Oh yes, that's right, I remember: thank you, Cuchuflete!
p.s. I just love the image you posted!


----------



## cuchuflete

egueule said:
			
		

> How do you say "thank you, Cuchuflete" in English?
> Oh yes, that's right, I remember: thank you, Cuchuflete!
> p.s. I just love the image you posted!



Dearest Egueule,
Let me congratulate you.  The improvement in your English from the first to the second line of your message was cause for much rejoicing and mirth in the land!

Ah...the image...sort of like Hieronymous Bosch after eating fresh raspberries, on an uncommonly happy day in the sunshine....

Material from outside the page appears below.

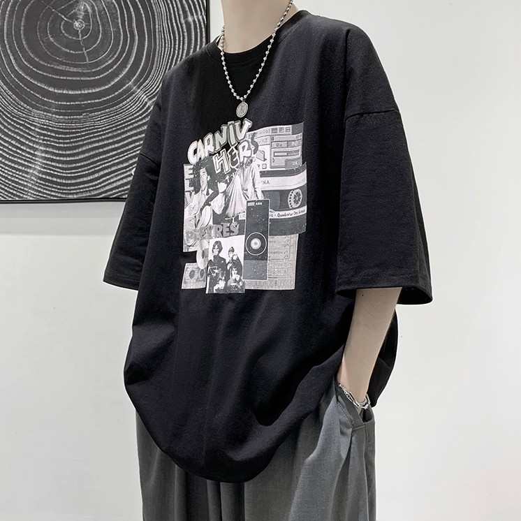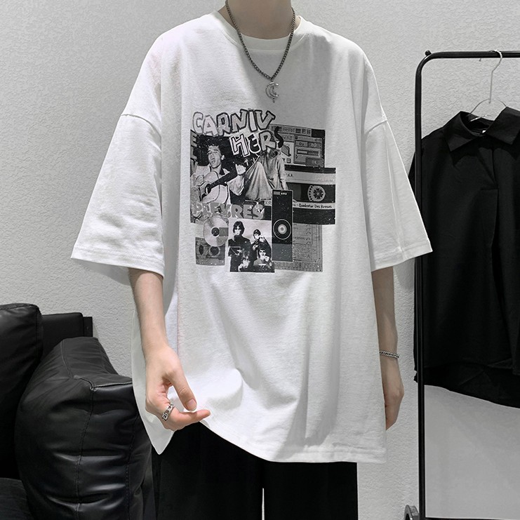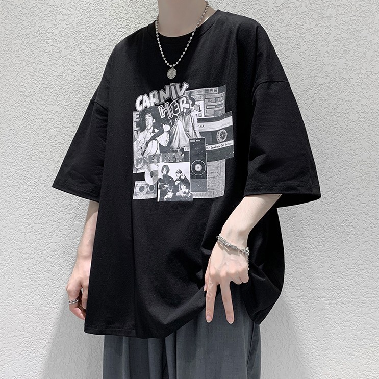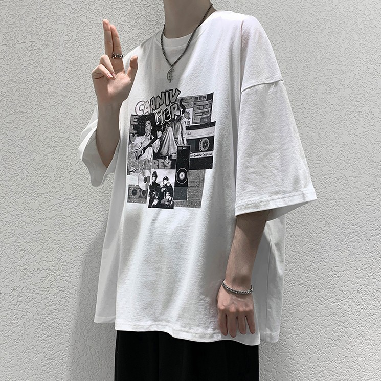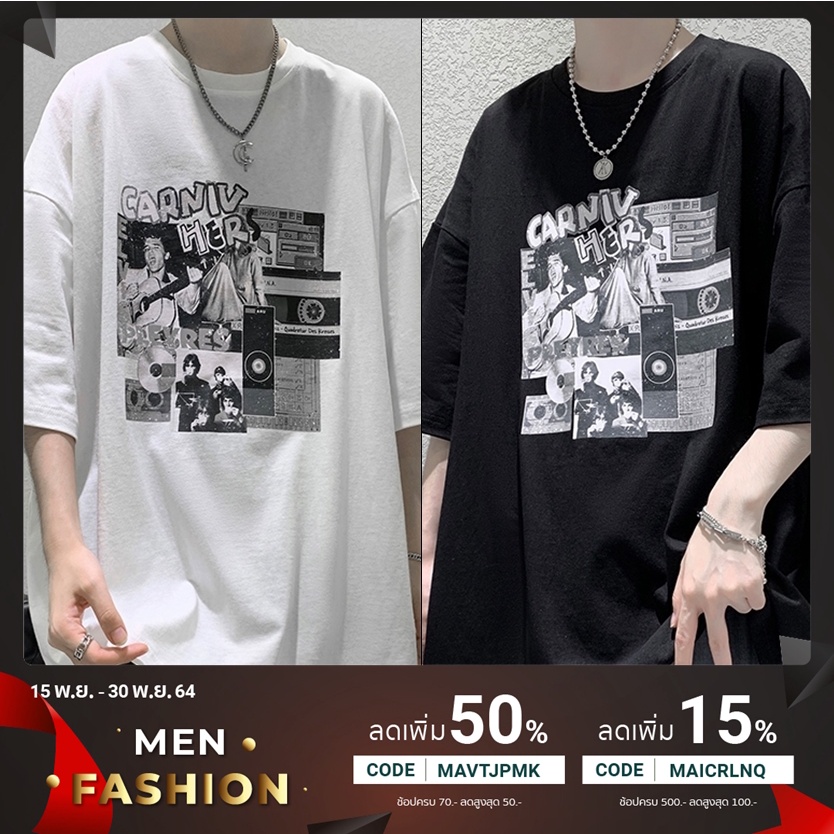 🎸POOHPAND🎸 เสื้อยืดOversize ลายวงดนตรีย้อนยุค Elvis แฟชั่นเกาหลี สวมใส่สบาย แนวสตรีท เท่ๆ ขาว-ดำ พิมพ์ลายคมชัด #2023

It's a pleasure to share in celebrating with you...not only for the number of posts, but for the quality of your ideas, heartfelt feelings, and the good grace you bring to the forums.  It's a pleasure to have such fine colleagues.

Thanks to you,
Cuchu


----------



## Artrella

Wow!!! Congratulations x 3 !!!!​


----------



## fetchezlavache

congratulations to you, three otterly indispensable members !!


----------



## walnut

Auguri David!  Auguri Benjy!  Auguri Egueule!  Walnut


----------



## ITA

¡¡¡FELICIDADES PARA LOS TRES!!!


----------



## alc112

Felicitaciones a los tres por los 1000 posts
y felicitaciones a Lancet0t por sus 300


----------



## Carlos Martínez Riera

Felicidades a los tres y, en especial, a egueule, con quien tengo el placer de encontrarme a diario por los foros, y de quien aprendo casi todos los días algo nuevo y sorprendente.
Los 2.000 están ya próximos. ¡¡¡¡A por ellos!!!


PS: Je ne peux pas m'empêcher, sans que je puisse savoir pourquoi, de prononcer toujours _egueule_ comme _eagle_, mais avec accent français. C'est pourquoi je t'offre aujourd'hui une image très belle de la très belle nébuleuse de l'aigle, sur le ciel du sud.

Salut

Carlos




Source: *antwrp.gsfc.nasa.gov/ apod/ap030213.html*


----------



## Cath.S.

*Merci beaucoup à tous, amis du forum! *
*Muchas gracias a todos,amigos del foro! *
*Thanks to all, forum friends! *
*Tante grazie a tutti, amicidel forum! *


----------